The promoters are characterised based on the Baek et al 2007 scheme. Consideration is given to (A) the genes using CpG-rich and CpG-poor promoters and (B) the genes with single and alternative promoters.
(5) There is no difference in the AP usage between SCs and the controls.
The single (CpG-rich SP and CpG-poor SP) and the alternative (CpG-rich AP and CpG-poor AP) promoter types (Fig 3B; Table 8) are considered. The difference in the percentage of genes using APs in the SCs and the negative controls is small (less than 2.0%) and statistically insignificant (Tables 4, 8).
(6) The quiescent adult SCs up-regulate a larger proportion of genes that have APs compared with the controls and the proliferating adult SCs.

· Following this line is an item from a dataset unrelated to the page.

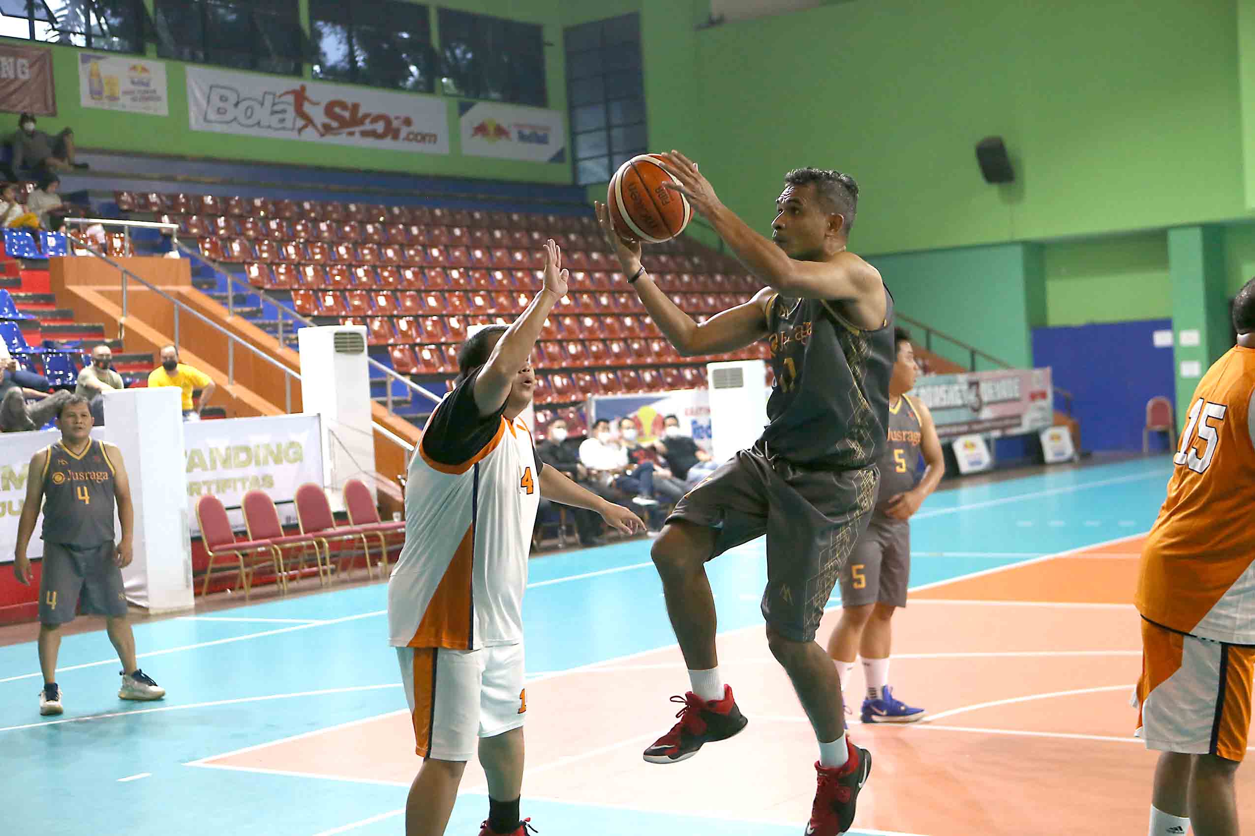 Pertandingan antara Jusraga kontra tim Oranye berakhir dengan skor 52 vs 42. Jumlah tersebut akan dibulatkan menjadi Rp 10 juta oleh Ketua Umum Perbasi DKI Jakarta terpilih, Lexyndo Hakim, yang merupakan inisiator dari eksibisi itu di GOR Bulungan Jakarta, 30 Januari 2022 (Foto : Erly Bahtiar/sportsmoment.id)

The quiescent adult SCs (mean = 35.7%) have a higher proportion of up-regulated genes using the APs compared to the controls (mean = 24.3%), the proliferating adult SCs (mean = 10.4%) and the embryonic SCs (mean = 17.9%) (Fig 3B; Tables 6, 9). These differences are appreciable and statistically significant. Additionally, in the adult SCs, AP usage is reduced by 10.5% compared with the quiescent adult SCs and increased by 14.8% compared with the proliferating adult SCs. Both these differences are statistically significant.

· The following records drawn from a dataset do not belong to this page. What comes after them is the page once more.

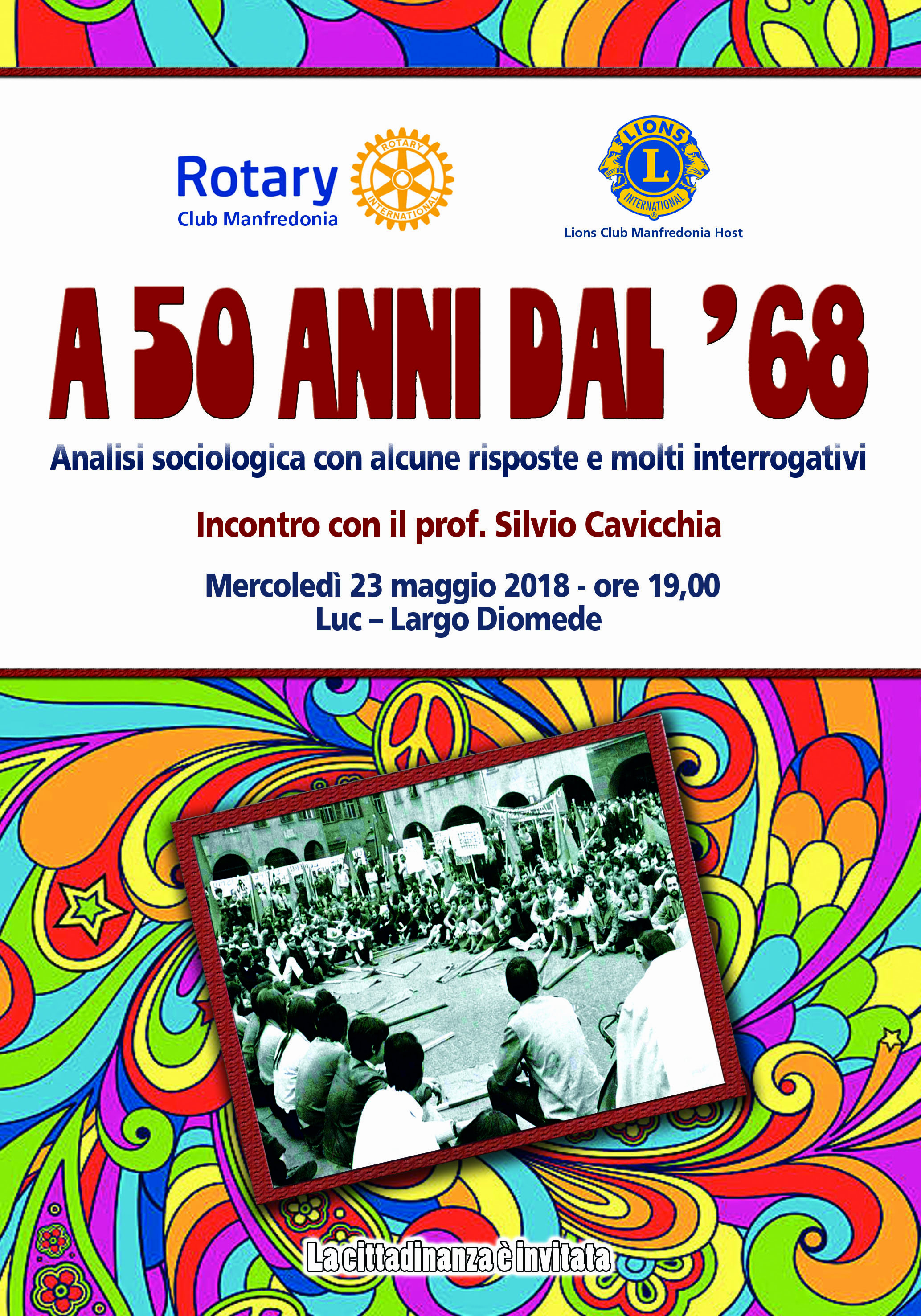 Quando si parla del 68, l’anno della contestazione giovanile, si aprono una serie di scenari che sollevano il classico degli interrogativi “Fu vera gloria?”, si è trattato davvero di un momento che ha cancellato quanto sapeva di passatismo e aperto infiniti spiragli verso l’emancipazione globale della società giovanile del tempo e di quelle che poi l’avrebbero seguita negli anni? Oppure ha avuto un effetto boomerang, frantumando il grande fiume iniziale in una serie di torrenti e rigagnoli dai corsi imprevedibili e, a volte, straripanti? I mille interrogativi che apre questo straordinario momento della nostra storia recente saranno oggetto dell’incontro, organizzato mercoledì, 23 maggio, dal Rotary Club Manfredonia e dal Lions Club Manfredonia Host sul tema “A 50 anni dal ’68- Analisi sociologica con alcune risposte e tanti perché”. Illustre relatore il prof. Silvio Cavicchia, sociologo, che, in chiave di protagonista e interprete di quel “mitico” momento, dunque, attraverso il suo vissuto personale e gli studi condotti, offrirà uno spaccato degli anni che hanno cambiato, comunque, il modo di concepire la realtà sociale. L’incontro, rivolgendosi a tutta la cittadinanza, ha come interlocutori privilegiati i più giovani, per una riflessione generazionale ed un confronto più ampi e pregnanti. Appuntamento al LUC, Mercoledì 23 maggio, alle ore 19.00 per una suggestiva e coinvolgente riflessione.
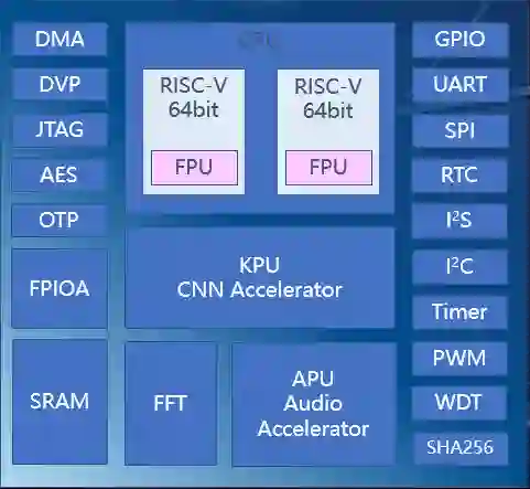 勘智K210是一款内置了卷积神经网络的系统级(SoC)AI芯片,基于RISC-V架构开发,其内置的KPU(knowledge processing unit)可以在低功耗下完成CNN计算,实现人脸检测、识别及目标分类等。
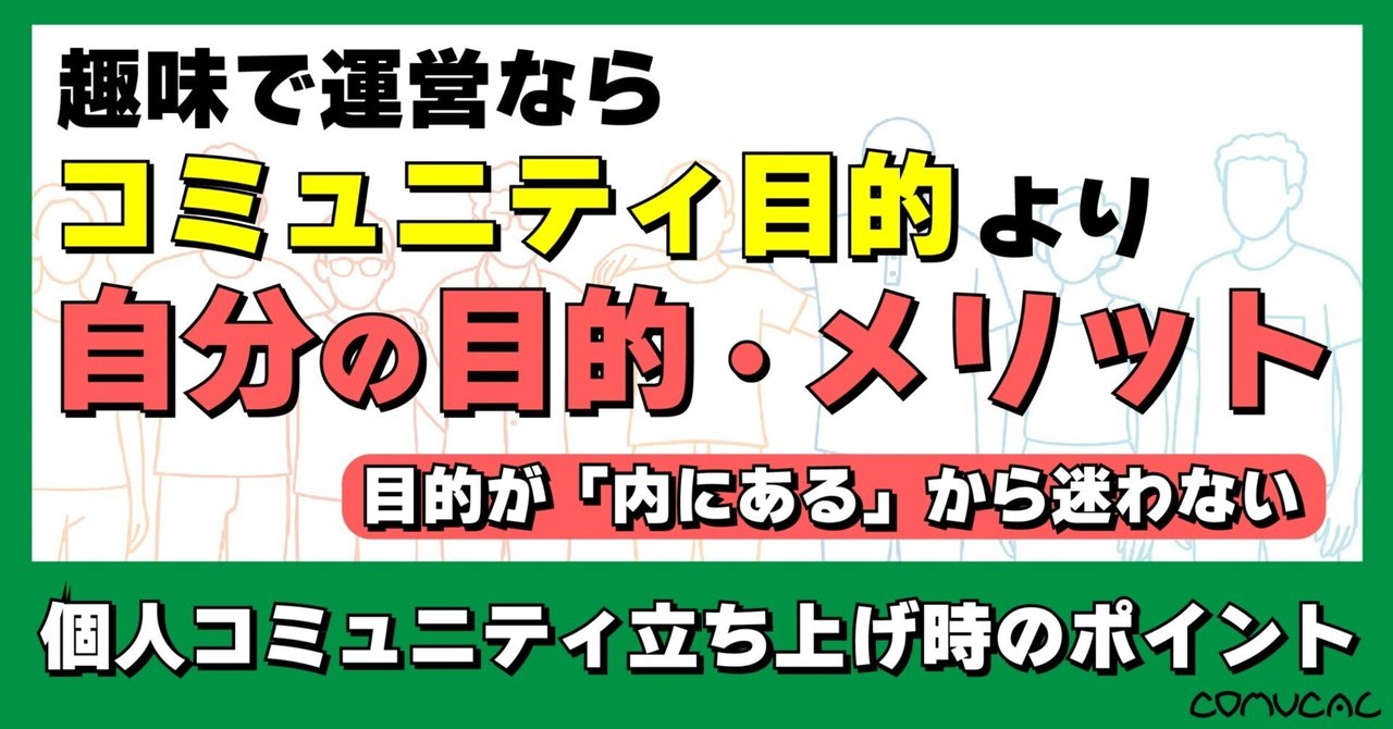 趣味で運営するコミュニティは“コミュニティの目的”の前に“自分の目的とメリット”を!|株式会社コミュカル 【これはどんなnote?】 企業としての取り組みではなく個人活動として立ち上げる「ゆるい属性コミュニティ」──たとえば「○○年生まれの会」「○○県民の集い」「マーケターコ...
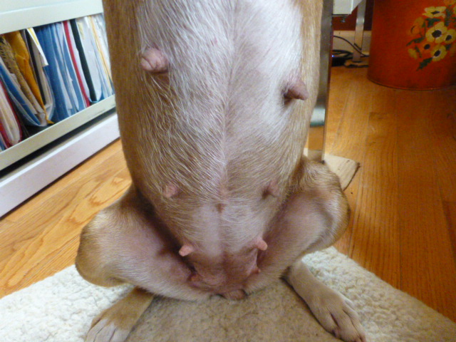 It is official! Sammie is definitely pregnant! Just in the last few days, she has gained almost 2 pounds! She is due on the 4th of July, so the puppies will be ready to go to their new homes in mid September. My Colt is the sire to the pups. I hope these two combined will put good bone and solid build, thick coat, good angulation and excellent temperaments on the pups. I expect the pups will be very people oriented, friendly and easy to train. Hunt will be very strong, as both Sammie and Colt successfully hunt and kill prairie dogs, mice and an occasional squirrel and cottontail bunny.

Classifying Promoters of SC Genes using the method outlined in Part 3 (Fig 1)
This second study is based on mouse genes and the property of conservation is not given consideration. The promoter sequences of mouse SC genes were extracted from Ensembl and characterised in terms of CpG-islands and APs using the Bioinformatics analysis outlined in part 3 of methods (Fig 1).
(1) CpG-islands are found in the promoters of active genes in SCs more often than in the controls.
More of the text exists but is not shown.